There is no need to submit your codes from part 1.
2. Activities
Part 1. Using Lock Variables and Semaphores
All files needed for this part can be found in the part1 directory. In this part we will look at two ways to do synchronization: Lock variables and semaphores. We begin by opening up lab3p1.c:
This is a simple program that spawns 5 processes, which tries to produce the following output:
We compile and run the program using:
gcc lab3p1.c –o lab3p1
./lab3p1
We see an output similar to this:
Question 1.1 (1 mark)
Explain why all the “<some number> I am child X” (X is some number from 0 to 4) appears before most of the numbers. What does this suggest about the time quantum?
a. Using Lock Variables
We will now explore a mechanism called “lock variables” to try to synchronize the different processes. Lock variables are very simple, and the algorithm below illustrates how they work:
1. Create a new shared variable “lock”. Set it to 1 2. Spawn all processes
3. For each process:
3.1 if lock is 0, goto 3.1 (Busy wait until lock is 1)

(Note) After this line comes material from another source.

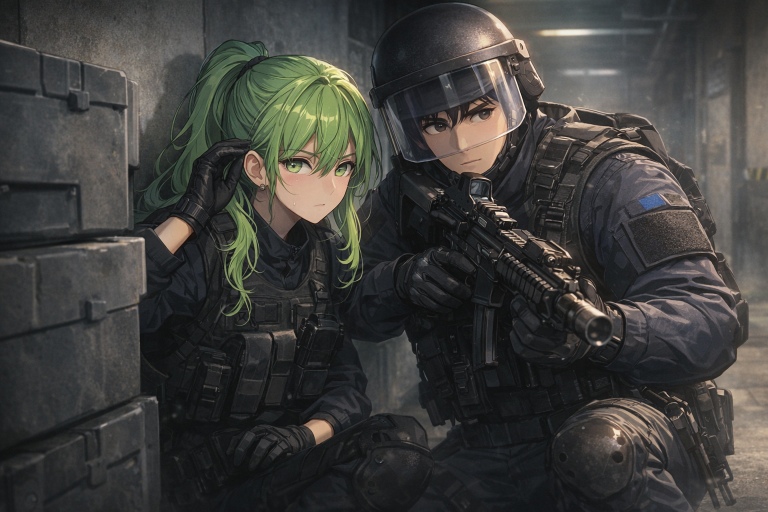 東和陸軍の室内戦演習場のバリケードの影に二人の人影があった。第一小隊長のカウラ・ベルガー大尉が苦々し気にそうつぶやくのが第一小隊のシュツルム・パンツァー三番機担当である部下の神前誠曹長にも聞こえた。室内とは言え暖房などは当然ない訓練場の空気は冷たく、そして風通しも悪いのでよどんでいた。

3.2 Set lock to 0 (Note: we can only get here when lock is 1 and the loop at 3.1 exits)
3.2 Execute my statements (Note: we can only get here once lock is 1
Part of the code for lab3p1-lock.c is shown below, with the relevant lock code circled:
Note that while the lock variable doesn’t control which process gets to run first. All we want at this point is to get it to do something like the following:
I am child 0
0 1 2 3 4 5 6 7 8 9
I am child 3
31 32 33 34 35 36 37 38 39 etc.
That is, we want one process to complete running before the next one starts.
Compile and run lab3p1-lock.c by using:
gcc lab3p1-lock.c –o lab3p1lock
./lab3p1lock
Question 1.2 (1 mark)
If we look at the result of our program, it’s clear we have not achieved our objective. Explain why the lock variable failed to coordinate the processes.
b. Using Turn Variables
You’ve already seen the concept of “turn variables” in Tutorial 4 Question 4. To summarize:
1. Create a shared variable called “turn”. Set turn to 0.
2. For each process i from 0 to n-1:
2.1 while(turn != i); // Do nothing while it’s not our turn.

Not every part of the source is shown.